Elisa imagina cet avenir amusant tout en fixant les yeux sur la réalité présente.

« Quoi qu'il en soit, cet incident signifie qu'il y a un lanceur quelque part. Et ce lanceur doit être à l'intérieur de Seorn. »

« Un lanceur, oui. Mais ça ne prendrait-il pas bien trop de temps pour l'identifier ? Il y a plus de dix mille personnes qui séjournent ici. »

« Pour l'instant, il vaudrait mieux se disperser et chercher avant que la situation n'empire. »

« Le Professeur Ludger a raison. »

« Devrions-nous informer les autres instructeurs de la situation ? »

« Nous devons. Pas tout le monde — seulement ceux en qui nous pouvons vraiment avoir confiance pour ça. »

Pour l'instant, ils se disperseraient et chercheraient des indices.

Une fois d'accord, les trois se séparèrent.

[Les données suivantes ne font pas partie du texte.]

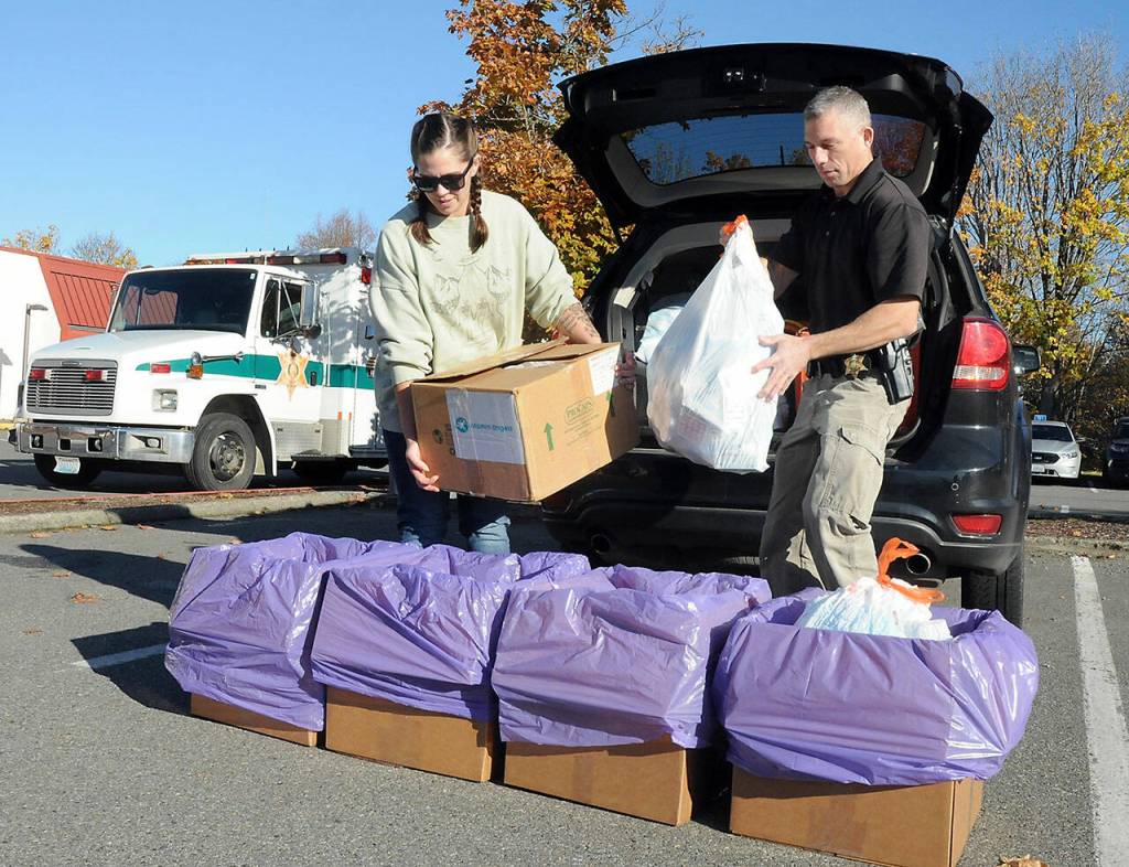 Helen Kenoyer of the Olympic Peninsula Community Clinic and Inspector Josh Ley of the Clallam County Sheriffs Office unload unwanted pharmaceuticals and medications from the agency at a drop-off point at the Clallam County Courthouse during Saturday’s National Prescription Drug Take Back Day.
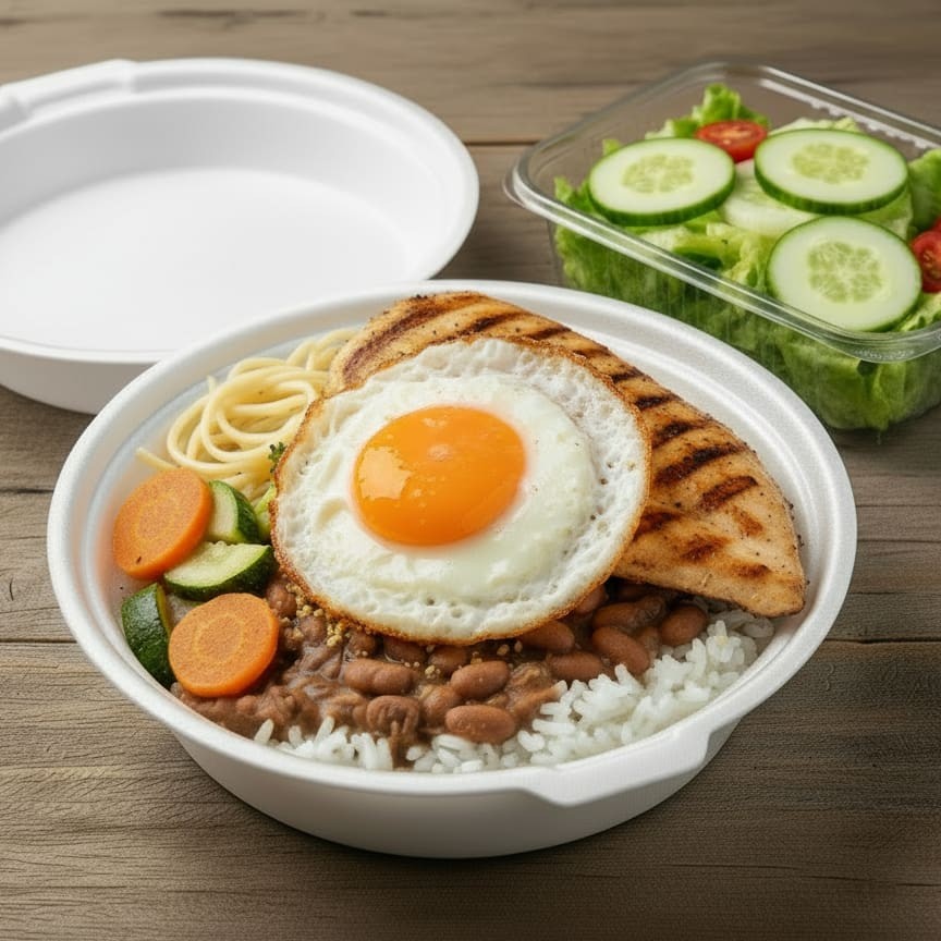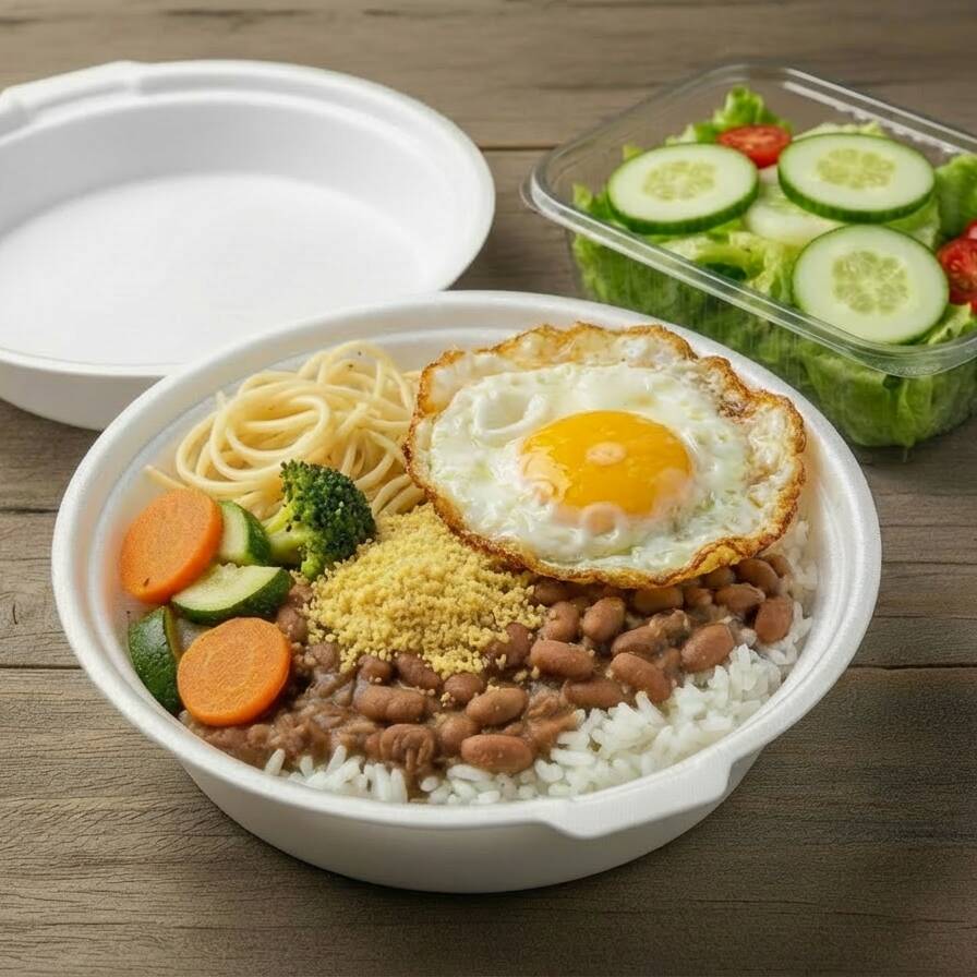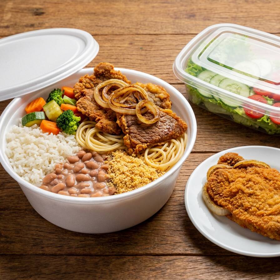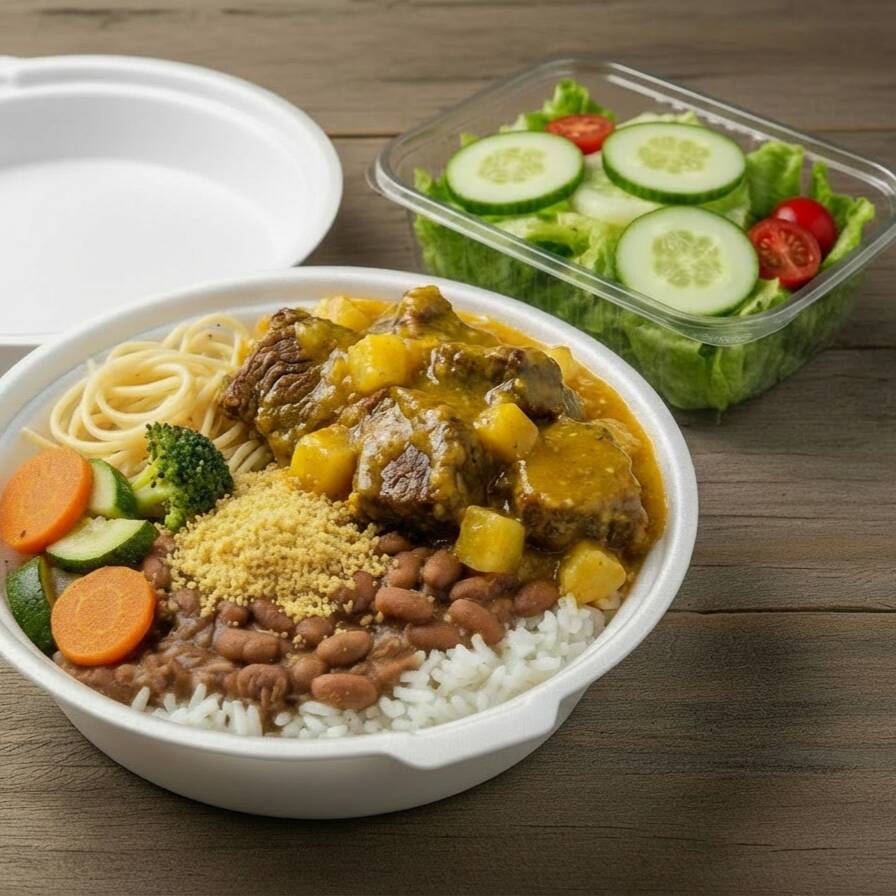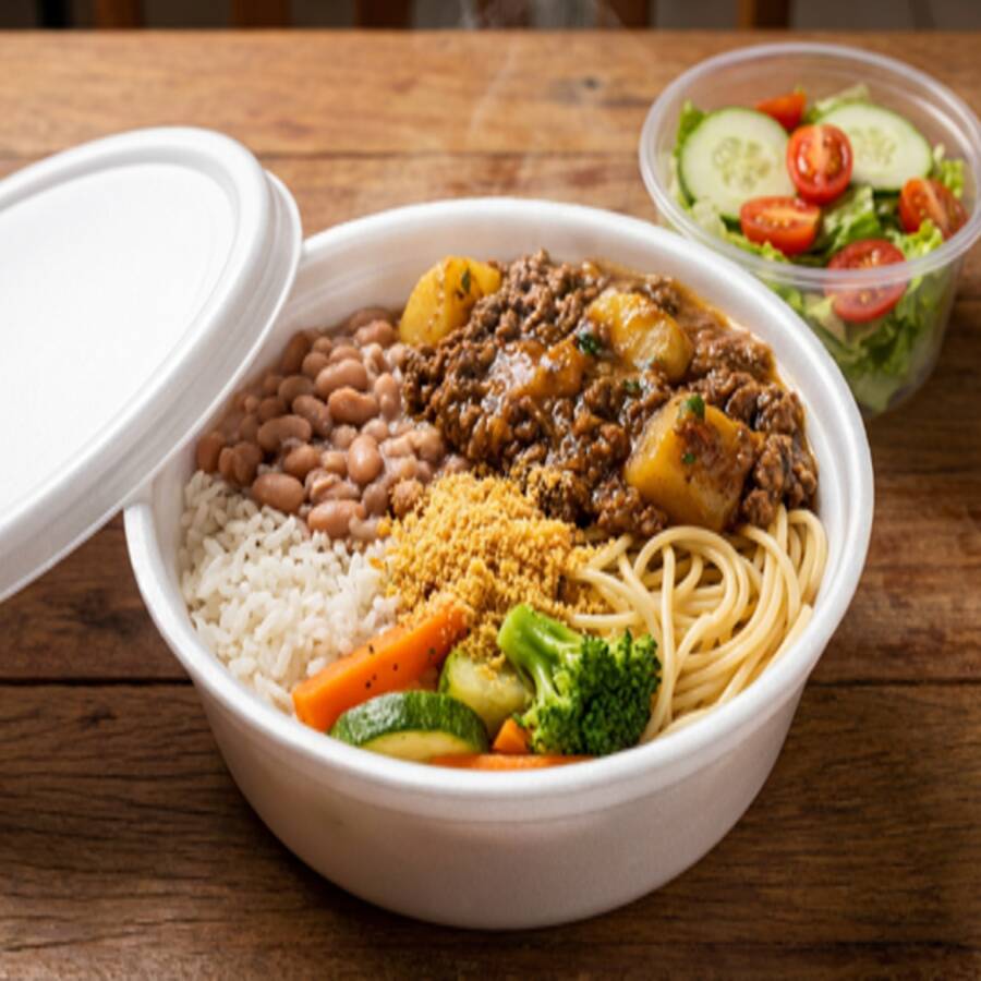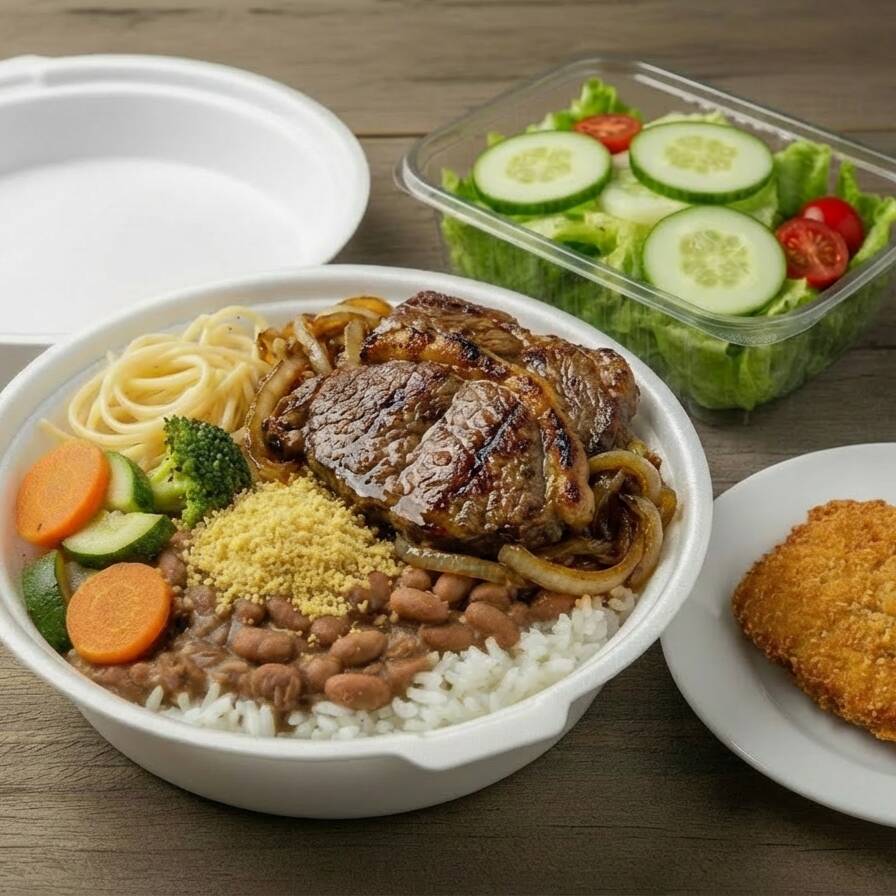 'Marmitex Tamanho Médio com 2 Opções de Carnes'. Esta refeição amplamente satisfatória é acompanhada por uma base de arroz e feijão, dando a você a liberdade de escolher entre o saboroso feijão branco ou o robusto feijão preto. Além disso, a oferta inclui macarrão suavemente cozido e legumes gratinados em variedades ricas para despertar o seu paladar. A farofa, temperada com bacon, acrescenta um toque especial. Para completar, uma salada fresca e vibrante é servida opcionalmente. Escolha suas 2 opções preferidas de carne para personalizar esta refeição ao seu gosto.

Ludger se dirigea hors de Seorn.

Bien que l'incident se déroule à l'intérieur, il y avait une chance que quelqu'un se soit infiltré secrètement depuis l'extérieur.

Et rien n'était mieux pour le confirmer que le réseau d'information privé qu'il avait établi à Rederbelk.

Alors qu'il entrait dans la Rue Royale, un guide s'approcha de lui comme s'il l'attendait.

« Patron. Nous attendions. »

« Qu'est-ce qu'il y a ? »

Normalement, il aurait feint l'ignorance, mais le fait qu'ils soient venus à lui directement signifiait qu'il y avait vraiment une affaire.

Pourtant, le guide ne put répondre immédiatement.

De cette hésitation, Ludger perçut de l'inquiétude.

« Où est Hans ? »

« S'il vous plaît, suivez-moi. »

Suivre ? Normalement Hans serait au bureau secret de la succursale, à examiner des documents.

Ludger suivit le guide là où Hans était censé être.

C'était la résidence personnelle de Hans.

« … »

Et Hans était là —

Dormant dans sa chambre comme un mort.

Peu importe à quel point on le secouait, il ne se réveillait pas, plongé dans le plus profond des sommeils.